Work required: Output exactly, in the material below, the lines from the one with "10 November 2018;" through the one with "北大考博辅导班:2020年北京大学艺术学院博士研究生招生拟录取名单". Omit all pictures.

Excerpted data:
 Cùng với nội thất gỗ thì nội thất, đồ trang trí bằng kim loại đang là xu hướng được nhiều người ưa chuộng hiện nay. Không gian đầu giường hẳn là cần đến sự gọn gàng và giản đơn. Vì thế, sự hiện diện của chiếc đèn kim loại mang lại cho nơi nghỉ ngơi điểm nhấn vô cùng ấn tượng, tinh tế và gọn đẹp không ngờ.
---
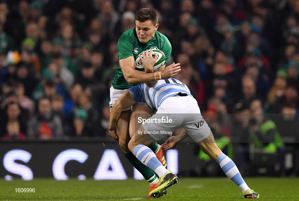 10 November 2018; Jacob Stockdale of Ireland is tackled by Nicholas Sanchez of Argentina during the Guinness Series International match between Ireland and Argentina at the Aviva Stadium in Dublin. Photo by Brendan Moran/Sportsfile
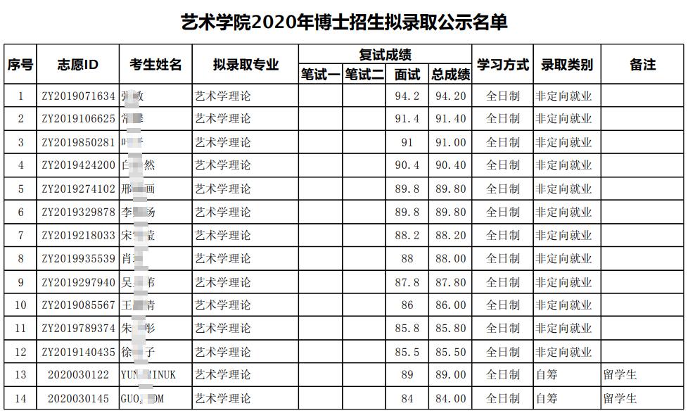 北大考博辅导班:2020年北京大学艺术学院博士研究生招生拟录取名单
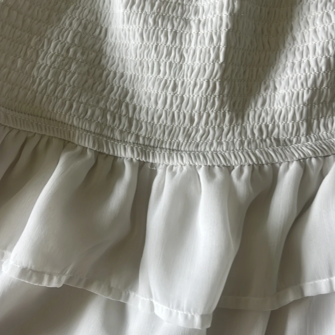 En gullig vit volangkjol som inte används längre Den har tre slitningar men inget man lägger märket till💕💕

Solution:
 10 November 2018; Jacob Stockdale of Ireland is tackled by Nicholas Sanchez of Argentina during the Guinness Series International match between Ireland and Argentina at the Aviva Stadium in Dublin. Photo by Brendan Moran/Sportsfile
 北大考博辅导班:2020年北京大学艺术学院博士研究生招生拟录取名单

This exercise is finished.